With almost $19 billion set aside for losses, why didn’t JPM stock drop?
Answer: It’s simple
This is how banks work
Let’s step back a bit. If you’re a big bank, you get to borrow interest-free. Not sure? Just check your bank account, they aren’t paying you much, if anything, on your checking or savings account balances. The banks then lend to businesses and consumers at a much higher rate.
But here’s the thing: loans gone bad? Investors need not worry.
The U.S federal reserve is backing up the banks. This was all too clear in 2008 when the Fed bailed out the banks with billions of dollars in no-strings-attached cash, and things won’t be too different this time either.
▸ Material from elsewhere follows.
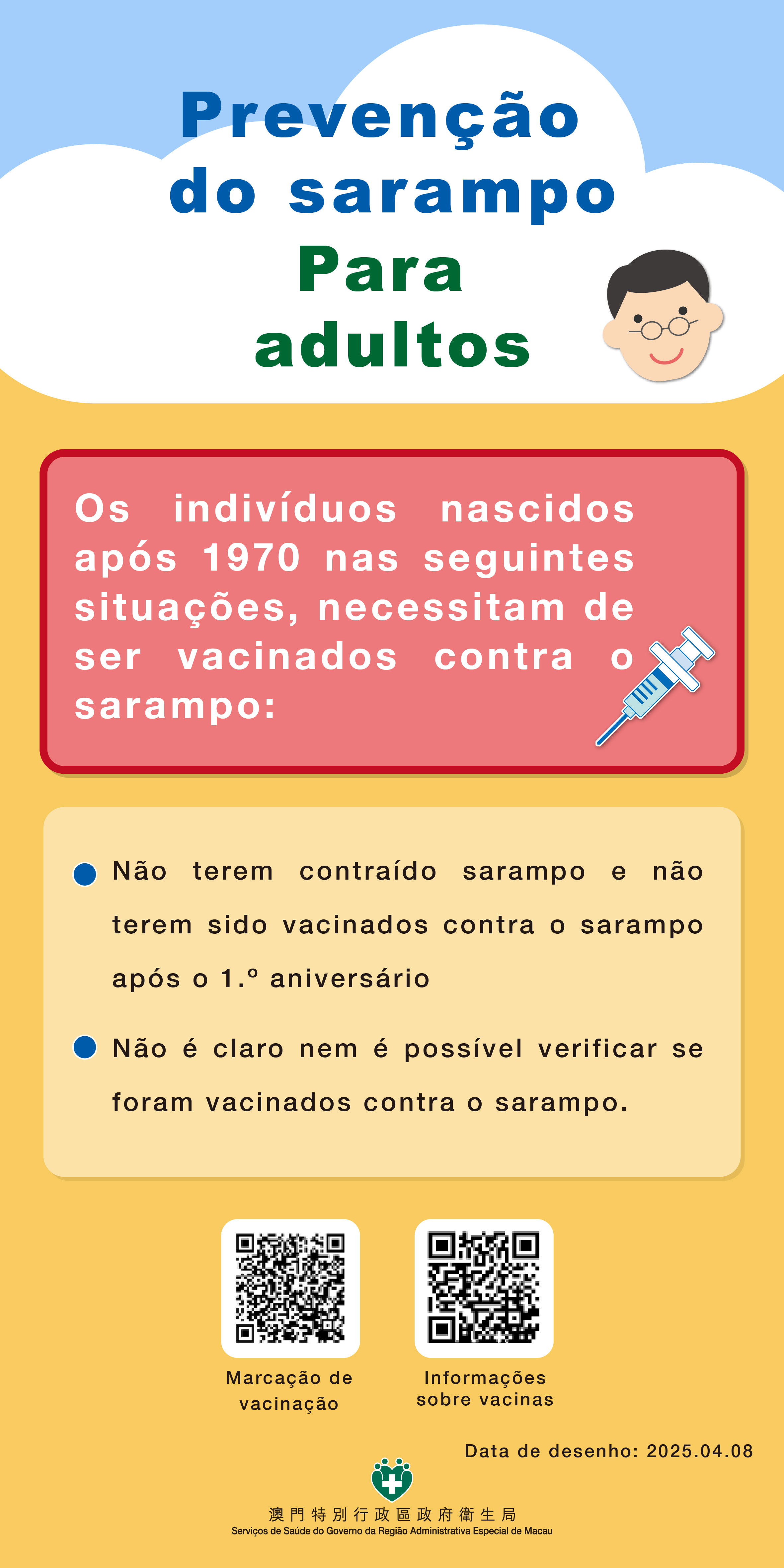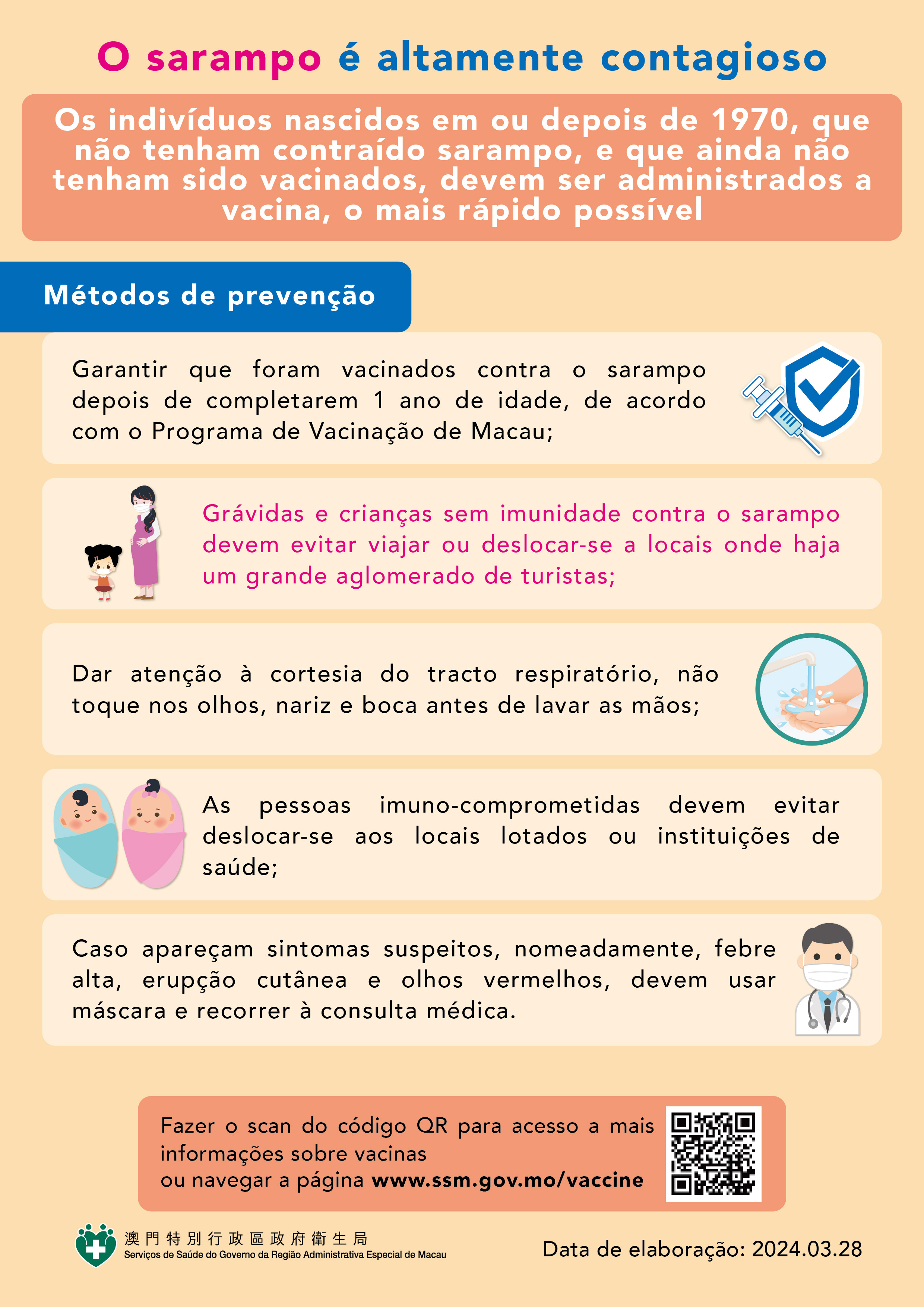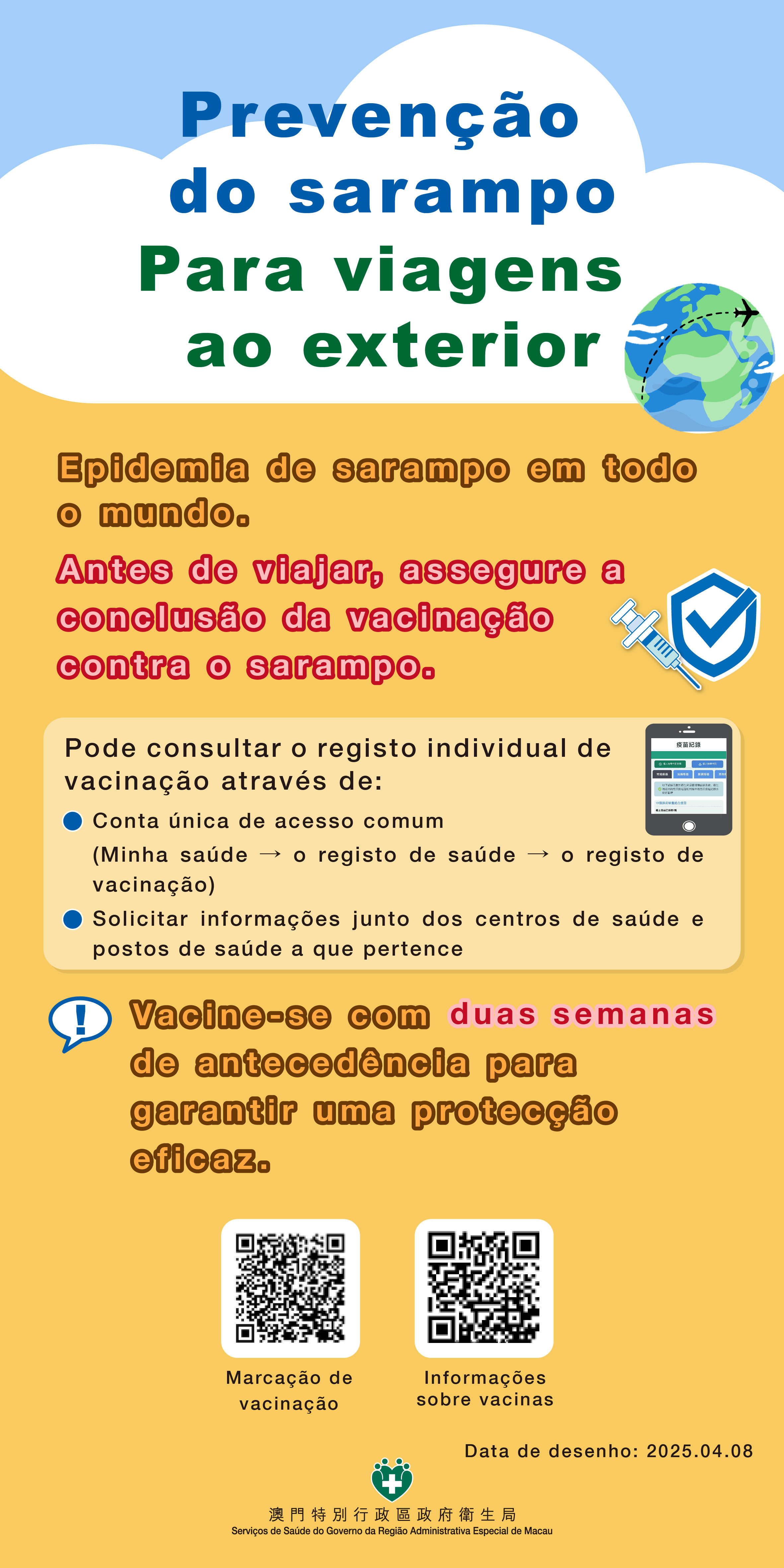 Recentemente, a situação epidemiológica do sarampo tem-se vindo a agravar em muitas partes do mundo, tendo sido registados casos no Japão, Indonésia, Filipinas, Europa e Estados Unidos da América. Entretanto, com a aproximação das férias da Páscoa e do Cheng Ming, prevê-se um elevado número de turistas em Macau, bem como de residentes a viajar para o exterior. Os Serviços de Saúde apelam os residentes para que tomem medidas preventivas contra o sarampo. As crianças com vacinação incompleta e as mulheres grávidas não imunizadas são consideradas grupos de alto risco e devem evitar as deslocações para as zonas onde o sarampo é prevalente, com o intuito de reduzir o risco de importação e transmissão desta doença em Macau.

In fact, here is JPM stock comparison during the 2020 COVID crisis to 2008.
Here is JPMorgan for you at the end of Q2 2020:
1. JPMorgan’s lending*
- Mortgage loans of $189 billion
- Credit Card loans of $142 billion
- Auto loans of $59 billion
- Personal, Student and Small Business loans of $47 billion
- Commercial Real Estate loans of $103 billion
- Commercial and other loans of $425 billion
- Total Loans of $979 billion
2. JPMorgan’s borrowing*
- Consumer deposits (savings accounts, checking accounts, time deposits, etc.) of $1.93 trillion
- Short-term borrowings of $48 billion
- Long-term debt of $317 billion
- Total Borrowings of $2.29 trillion
Now, the net interest income for JPMorgan (which is the cash remaining in its coffers after removing any interest it has to pay from the total interest it earns across its huge portfolio of loans) was $28.3 billion for the first half of the year. So the $18.8 billion it set aside to cover loan losses for this period wiped out a good two-thirds (67%) of its net interest income.
Here is the full picture of JPMorgan’s revenues: what’s big and what’s changed over the years.
So in summary, despite large amounts marked out for 2020 losses, two things will be true when Covid-19 subsides – whether it’s early 2021 or later:
- The U.S. federal reserve is backing JPM, and it will pump in…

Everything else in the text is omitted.